■ DATA EXTRACTS ■
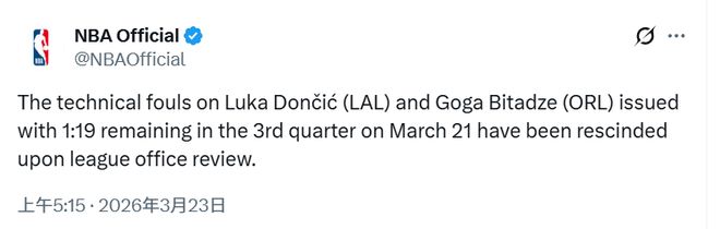 北京時間3月23日,NBA官方宣布,經(jīng)過復(fù)核,3月22日第三節(jié)剩余1分19秒時,判給湖人的東契奇與魔術(shù)的比塔澤的技術(shù)犯規(guī)已正式撤銷。這也意味著東契奇的第16次技犯已經(jīng)撤銷,他將不會在周二對陣活塞的比賽中被禁賽。
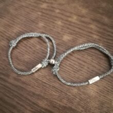Such a cute simple couple bracelet. The size is adjustable and it’s super comfy. I even swim with it on and have no issues. It does stick to everything magnetic, but I find it kinda fun!
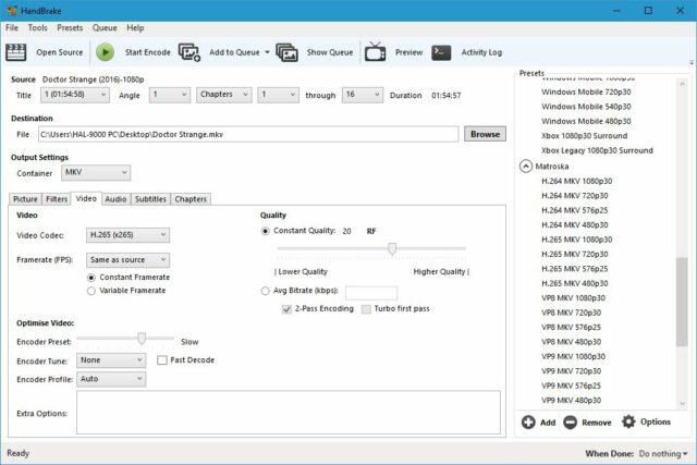 HandBrake è un software open-source dedicato alla compressione dei video non protetti, con interfaccia in inglese ma adatto sia ai principianti sia ai più esperti, poiché offre non solo numerosi preset pronti da usare ma anche un set completo di opzioni per regolare con precisione i parametri dei codec video. Il programma è ottimo per ricomprimere un filmato in modo che sia perfettamente compatibile con i dispositivi mobili, i media player o i computer poco potenti. HandBrake è disponibile per Windows, Mac OS e Linux, e accetta in input non solo i file nei formati video più diffusi ma anche le cartelle estratte dai Dvd Video e dai Blu-ray. I container per l’output sono esclusivamente Mp4 e Mkv.
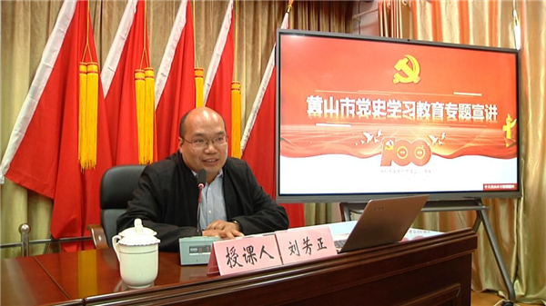 4月27日,黄山徽投集团举行“举旗帜 送理论”党史学习教育宣讲报告会,市委宣讲团成员、黄山学院历史学博士、马克思主义学院副教授刘芳正同志到会作宣讲报告。
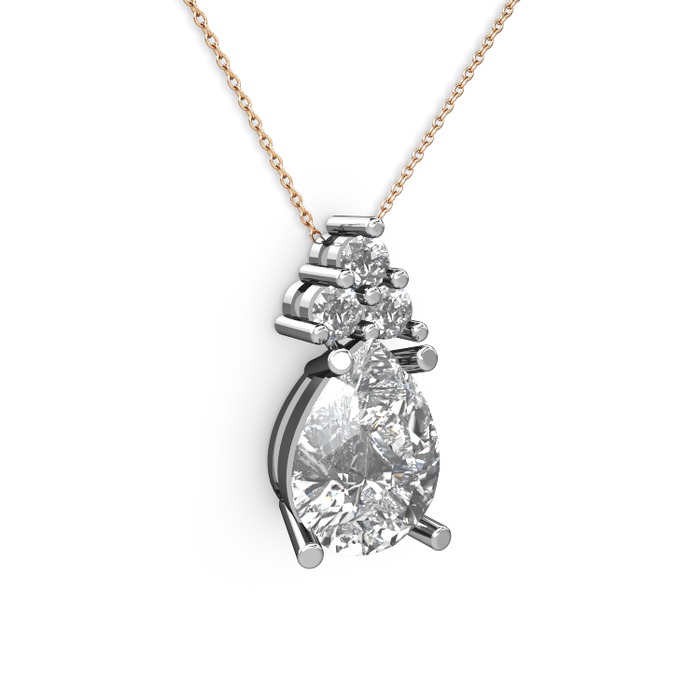 Beyaz zirkon ve pırlanta 925 ayar gümüş kolye (0.72 karat, 40 cm rose altın rolo zincir)
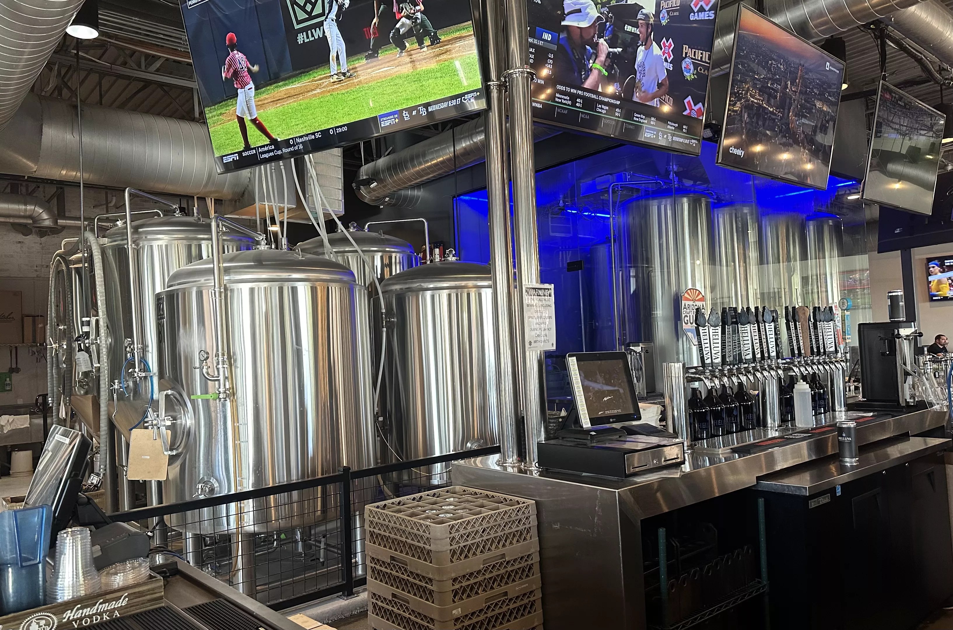 Helluva Brewing Co.’s brewing tanks situated behind the bar proudly display where the house beers come to life.
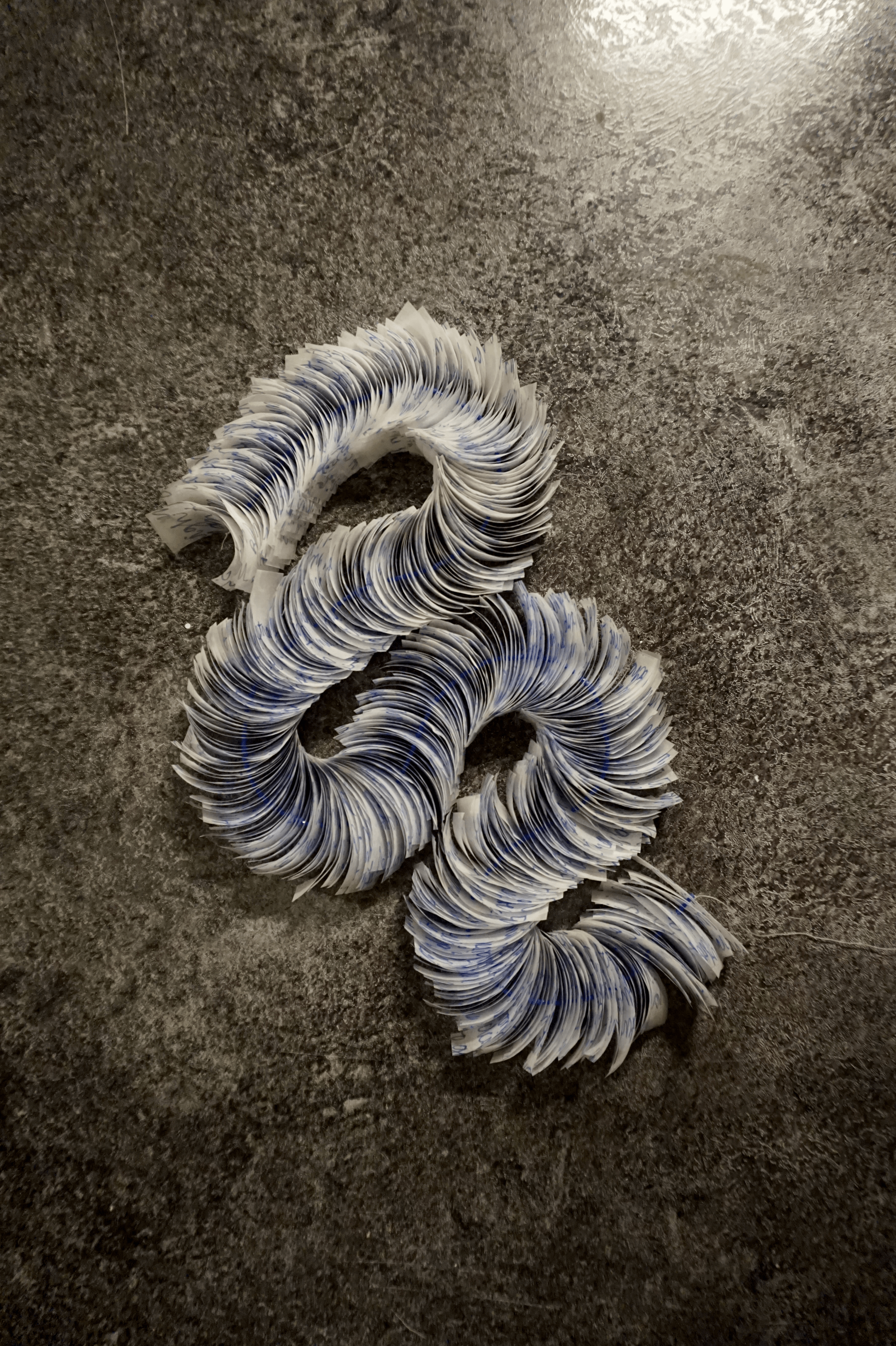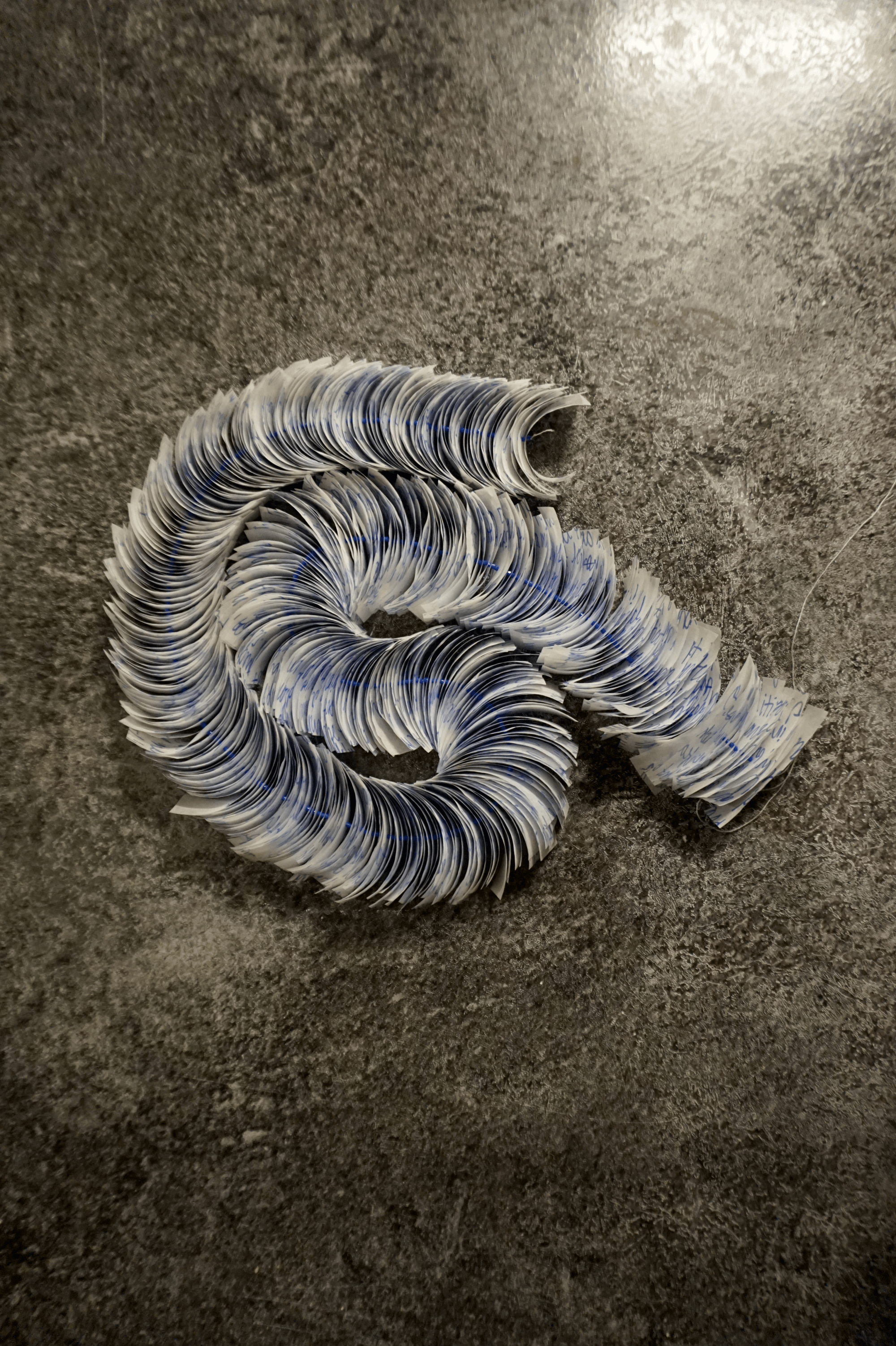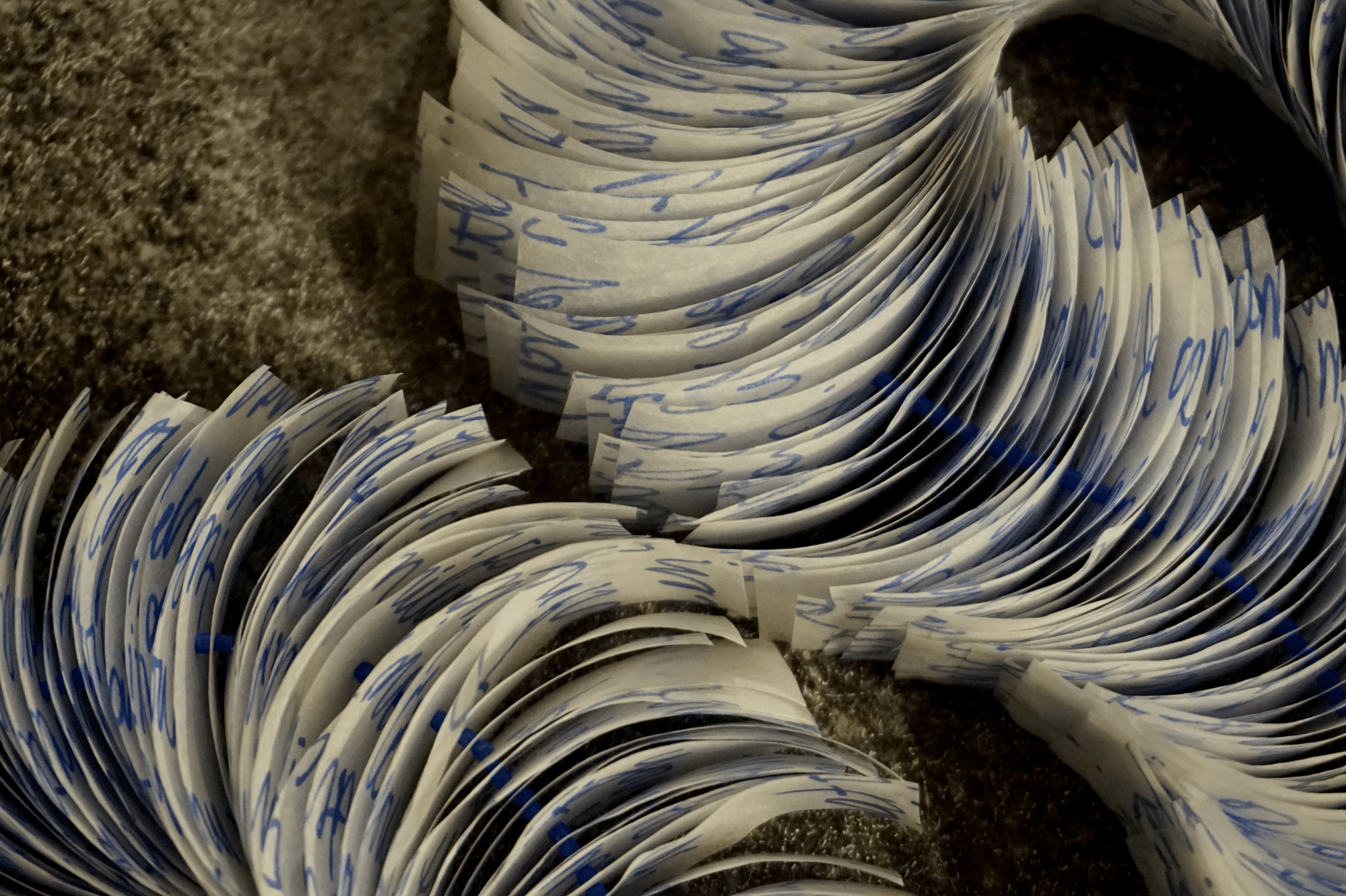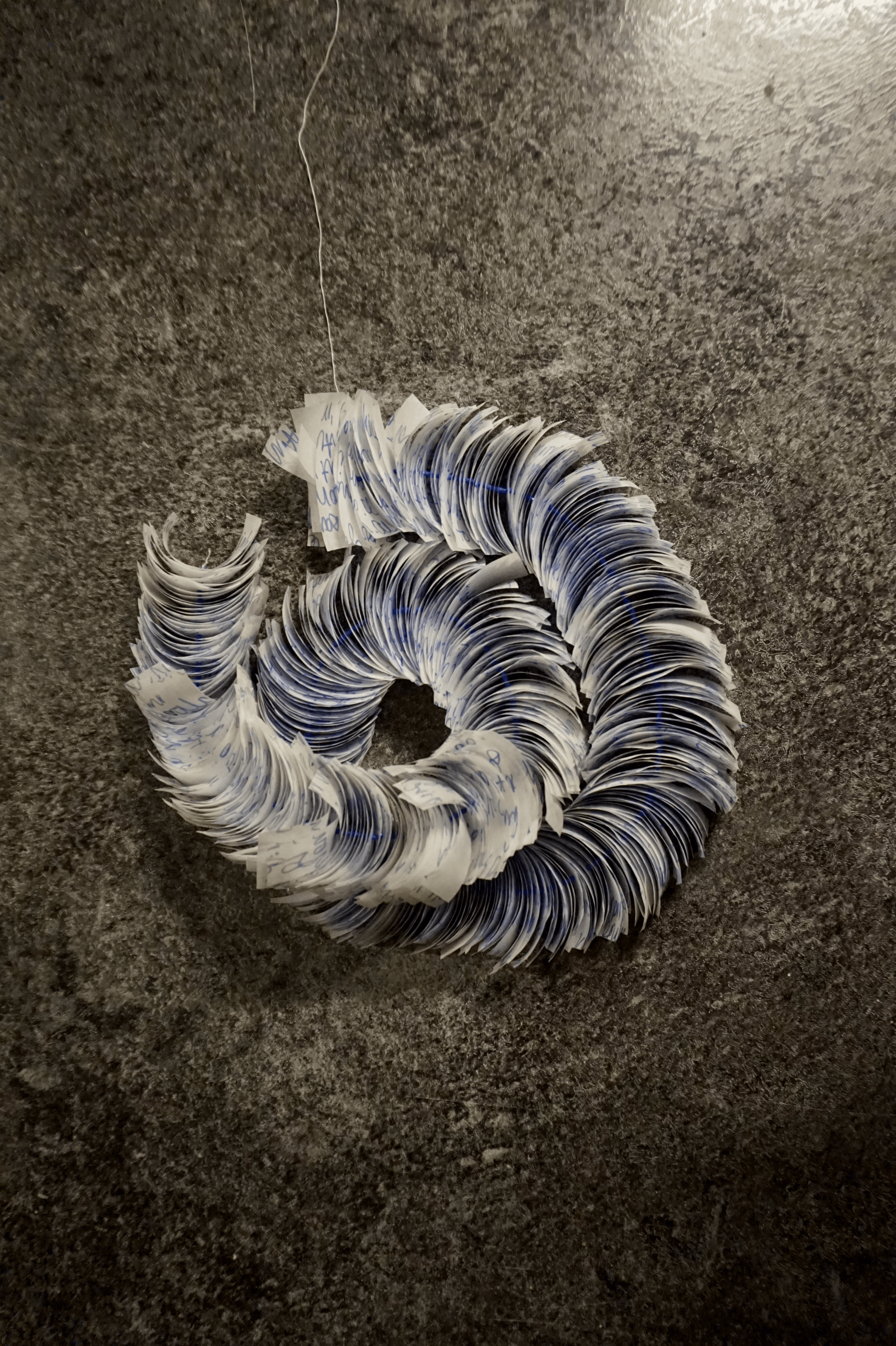 Vellum, felt tip pen, thread, glass beads

■ WHAT YOU SHOULD DO ■
Transcribe the data word for word, with no images.

■ EXERCISE RESULT ■
 北京時間3月23日,NBA官方宣布,經(jīng)過復(fù)核,3月22日第三節(jié)剩余1分19秒時,判給湖人的東契奇與魔術(shù)的比塔澤的技術(shù)犯規(guī)已正式撤銷。這也意味著東契奇的第16次技犯已經(jīng)撤銷,他將不會在周二對陣活塞的比賽中被禁賽。
Such a cute simple couple bracelet. The size is adjustable and it’s super comfy. I even swim with it on and have no issues. It does stick to everything magnetic, but I find it kinda fun!
 HandBrake è un software open-source dedicato alla compressione dei video non protetti, con interfaccia in inglese ma adatto sia ai principianti sia ai più esperti, poiché offre non solo numerosi preset pronti da usare ma anche un set completo di opzioni per regolare con precisione i parametri dei codec video. Il programma è ottimo per ricomprimere un filmato in modo che sia perfettamente compatibile con i dispositivi mobili, i media player o i computer poco potenti. HandBrake è disponibile per Windows, Mac OS e Linux, e accetta in input non solo i file nei formati video più diffusi ma anche le cartelle estratte dai Dvd Video e dai Blu-ray. I container per l’output sono esclusivamente Mp4 e Mkv.
 4月27日,黄山徽投集团举行“举旗帜 送理论”党史学习教育宣讲报告会,市委宣讲团成员、黄山学院历史学博士、马克思主义学院副教授刘芳正同志到会作宣讲报告。
 Beyaz zirkon ve pırlanta 925 ayar gümüş kolye (0.72 karat, 40 cm rose altın rolo zincir)
 Helluva Brewing Co.’s brewing tanks situated behind the bar proudly display where the house beers come to life.
 Vellum, felt tip pen, thread, glass beads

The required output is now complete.